On January 4, 2016 (the “Draw Down Date”), the Company drew down $12.0 million, net of $415 thousand in loan transaction fees and $660 thousand as advance payment. Additional loan transaction fees in the amount of $26 thousand were paid after the Draw Down Date. Out of the $441 thousand in total loan transaction fees, $140 thousand are deferred, and presented within “Other long term assets”, as they are allocated to the remaining $8.0 million available for drawdown by the Company under the Loan Agreement in separate tranches until December 31, 2016, (assuming proceeds of at least $10.0 million prior to December 31, 2016 in connection with the issuance of shares of the Company's capital stock).

Repayment of the Loan and payment of all other amounts owed to Kreos are to be made in U.S. dollars.

The Company recorded interest expense in the amount of $967 thousand during the six months ended June 30, 2016.

In connection with the Loan Agreement, on December 30, 2015, the Company also granted Kreos a warrant to purchase 119,295 ordinary shares of the Company at an exercise price of $9.64 per share (the “Warrant”). The Warrant is exercisable, in whole or in part, at any time prior to the earliest of (i) December 30, 2025 or (ii) immediately prior to the consummation of a merger, consolidation, or reorganization of the Company with or into, or the sale or license of all or substantially all the assets or shares of the Company to, any other entity or person, other than a wholly-owned subsidiary of the Company, excluding any transaction in which shareholders of the Company prior to the transaction will hold more than 50% of the voting and economic rights of the surviving entity after the transaction.
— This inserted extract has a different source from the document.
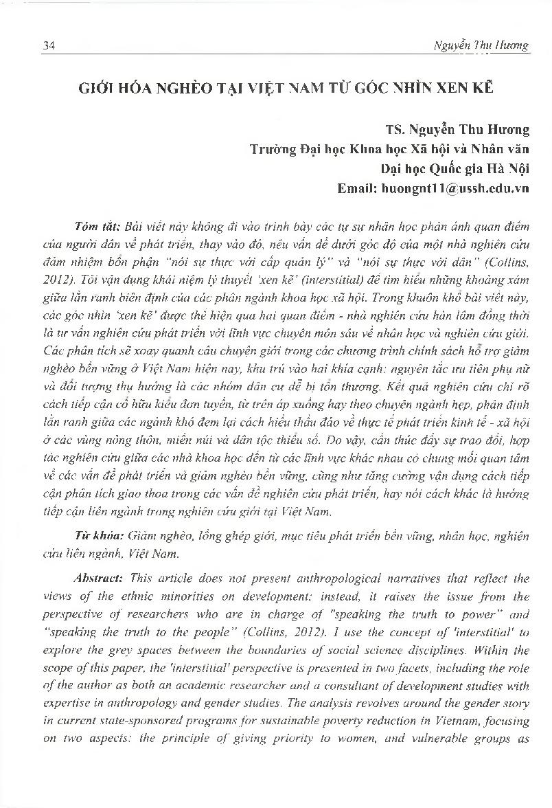 Giới hóa nghèo tại Việt Nam từ góc nhìn xen kẽ = Gendering poverty in Vietnam from an alternate perspective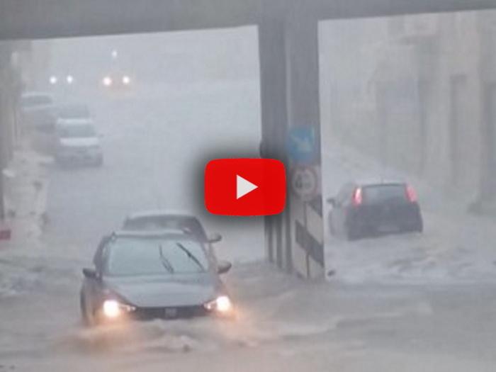 Meteo: Marsala travolta dal maltempo, strade allagate e auto bloccate (Video)

On December 30, 2015, the Company calculated the value of its freestanding Warrant to purchase its ordinary shares in the amount of $1 million (net of $42 thousand issuance expenses), by using the relative fair value method and utilizing an option pricing method. The Company has recorded the value of the Warrant, together with the Loan's issuance costs, as debt discount which is being accreted as interest expense using the effective-interest method over the remaining term of the Loan.

The following assumptions were used to estimate the value of the Warrant on December 30, 2015:
 
December 30, 2015
Expected volatility
60
%
Risk-free rate
2.52
%
Dividend yield
%
Expected term (in years)
10



NOTE 7:-    RESEARCH COLLABORATION AGREEMENT AND LICENSE AGREEMENT

On May 16, 2016, the Company entered into a Research Collaboration Agreement (“Collaboration Agreement”) and an Exclusive License Agreement (“License Agreement”) with Harvard.
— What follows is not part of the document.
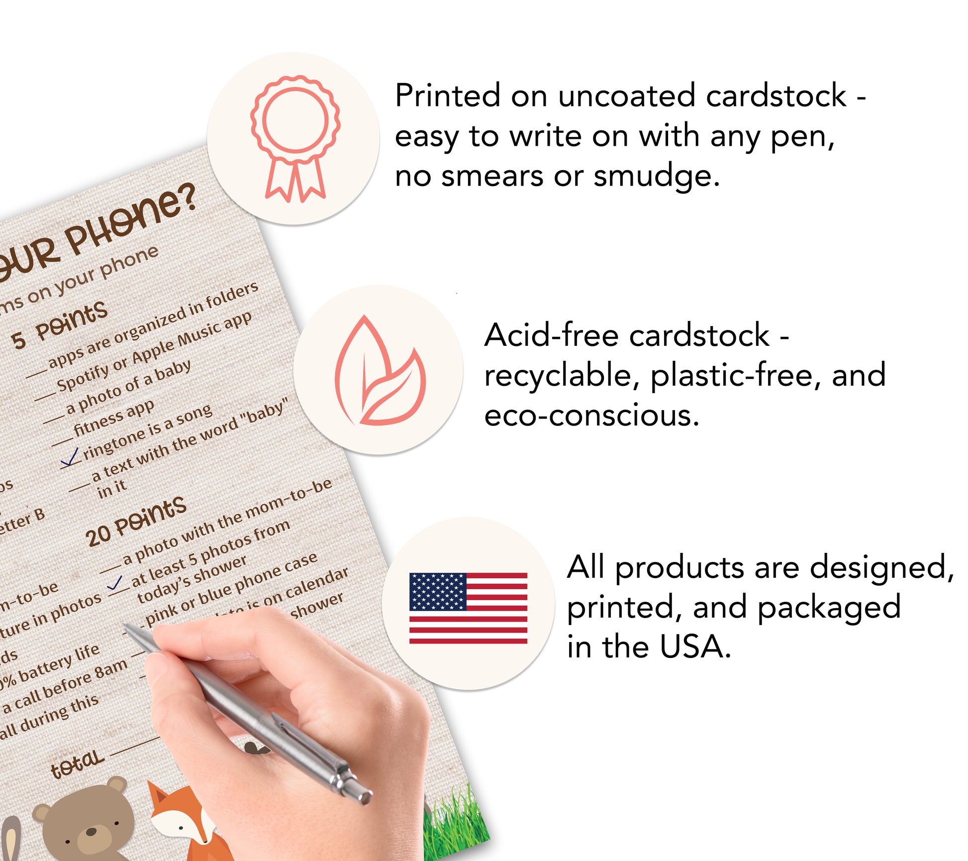 - PREMIUM THICK SMOOTH CARDSTOCK (14-pt): These sturdy game cards are easy for guests to hold and write on comfortably.

Under the Collaboration Agreement, Harvard and the Company have agreed to collaborate on research regarding the development of lightweight “soft suit” exoskeleton system technologies for lower limb disabilities, which are intended to treat stroke, multiple sclerosis, mobility limitations for the elderly and other medical applications. The Company has committed to pay in quarterly installments for the funding of this research, subject to a minimum funding commitment under applicable circumstances. The Collaboration Agreement will expire on May 16, 2021.
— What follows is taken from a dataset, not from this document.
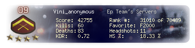 | Kill-streak | 4 | Death-streak | 9 | Team Kills | 0 |
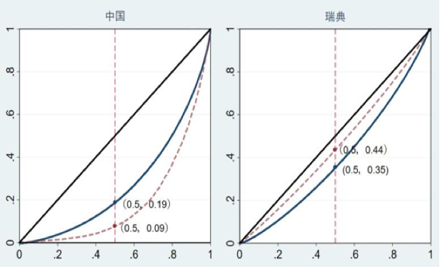 資料來源:中國的曲線根據(jù)CHIPS2018年調查數(shù)據(jù)計算繪制。瑞典的曲線根據(jù)Nieuwenhuis,Nelson和Alm在2020年發(fā)表論文中2003年的基尼系數(shù)與集中度的數(shù)據(jù)模擬繪制。

Under the License Agreement, Harvard has granted the Company an exclusive, worldwide royalty-bearing license under certain patents of Harvard relating to lightweight “soft suit” exoskeleton system technologies for lower limb disabilities, a royalty-free license under certain related know-how and the option to obtain a license under certain inventions conceived under the joint research collaboration.


11

REWALK ROBOTICS LTD. AND SUBSIDIARIES
NOTES TO CONDENSED CONSOLIDATED FINANCIAL STATEMENTS (UNAUDITED)
 
 
 

The License Agreement requires the Company to pay Harvard an upfront fee, reimbursements for expenses that Harvard incurred in connection with the licensed patents, royalties on net sales and several milestone payments contingent upon the achievement of certain product development and commercialization milestones. The License Agreement will continue in full force and effect until the expiration of the last-to-expire valid claim of the licensed patents. As of June 30, 2016, the Company did not achieve any of these milestones, and given the early stage of the License Agreement, the Company cannot anticipate the likelihood that the milestones will be achieved. Moreover, since such royalties are dependent on future product sales which are neither determinable nor reasonably estimable, these royalty payments are not recorded on our consolidated condensed balance sheet as of June 30, 2016.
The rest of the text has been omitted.